Tax Talk: Notification of uncertain tax treatment by large businesses

The extended consultation window has recently closed on the government’s intention to require large businesses to notify HMRC where they have adopted an uncertain tax treatment. It is currently proposed that this will be legislated in Finance Bill 2020-21 and will apply to uncertain tax treatments in returns filed after April 2021.

Which businesses will be required to notify?

The requirement will only apply to those large businesses which fall within the Senior Accounting Officer and Publication of Tax Strategies regimes. Under current legislation this means businesses with either a turnover above £200 million or a balance sheet total over £2 billion.

HMRC has also indicated that the notification measure will apply to partnerships and LLPs that exceed the above thresholds, as well as corporates.

The new rules will apply to all taxes that currently fall within the SAO regime – Corporation Tax, Income Tax, PAYE, VAT, Excise and Customs Duties, Insurance Premium Tax, Stamp Duty Land Tax, Stamp Duty Reserve Tax, Bank Levy and Petroleum Revenue Tax.
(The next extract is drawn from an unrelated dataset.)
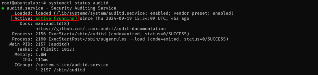 Verificaremos que el servicio se esté ejecutando correctamente utilizando el siguiente comando:

Meaning of uncertain tax treatment

An uncertain tax treatment is one where a business believes that HMRC may not agree with its interpretation of the legislation, case law or guidance then a tax treatment is said to be ‘uncertain’.

The objective of the new rules is to identify issues where businesses have adopted a different legal interpretation to HMRC’s view.
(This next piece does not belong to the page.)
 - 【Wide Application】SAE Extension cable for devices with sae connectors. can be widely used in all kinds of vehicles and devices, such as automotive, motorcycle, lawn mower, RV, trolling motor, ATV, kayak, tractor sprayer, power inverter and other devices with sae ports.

The notification requirement draws on the IFRS Interpretations Committee’s IFRIC 23 Uncertainty over Income Tax Treatments, which helps to determine a notification requirement. This requires assessing whether it is probable that a tax authority (including a court) would accept an uncertain tax treatment and looks at the ultimate outcome, and not solely the likelihood of challenge by HMRC. The proposed measures differ in this respect as they require an assessment, not of the ultimate outcome, but also to identify and notify uncertainties that HMRC is likely to challenge.

IFRIC 23 only applies to income taxes, however HMRC intends to use a similar definition to apply to all the taxes in scope of these proposed rules.

Notification process

Notification will be via a single annual process which encompasses all relevant taxes. The essential information to be included will be similar to that which is currently included within the SAO regime, namely a concise description of issues identified, but will also require an indication of the amount of tax relating to the uncertainty.
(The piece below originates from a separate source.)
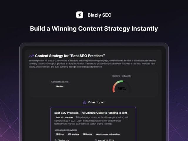 “Blazly SEO has become our secret weapon. The Strategy Builder is a game-changer. We used to spend weeks planning content; now we generate a complete, data-driven plan in five minutes. We’re ranking for keywords we never thought we could target.” – Sarah L. | Marketing Manager @ SaaS Co
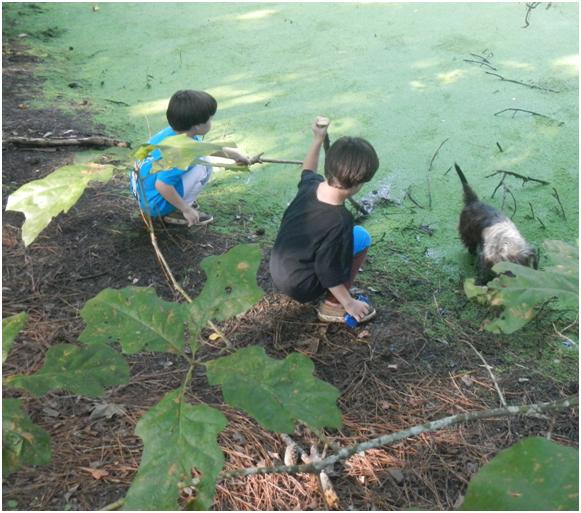 On the back side of the pond, Porter and the boys took a few minutes to stir in the duckweed before heading up the hill to “Pawpaw Rock”.

There is a threshold of £1m, whereby uncertain tax treatments amounting to less than £1 million either individually or combined, will not be notifiable.

Current timing for the certification made under the SAO regime is six or nine months from the end of the accounting period of the company, and the intention is to align the notification with these same annual accounts submission deadlines.

Exceptions

The government has included proposed exceptions, including situations in which disclosure is made under another regime, for example DOTAS or DAC6. A business can opt to disclose an uncertainty which is already the subject of formal discussion with HMRC, such as in the course of an ongoing enquiry into a tax return which specifically covers the tax treatment in question.

In addition, the requirement to disclose can be removed where a business has written confirmation from HMRC that it has sufficient information in advance of the deadline for disclosing an uncertain tax position. Where a business has a Customer Compliance Manager (CCM), they are likely to be the person with whom such an agreement is made. However, HMRC will release details of persons to contact for customers without a CCM.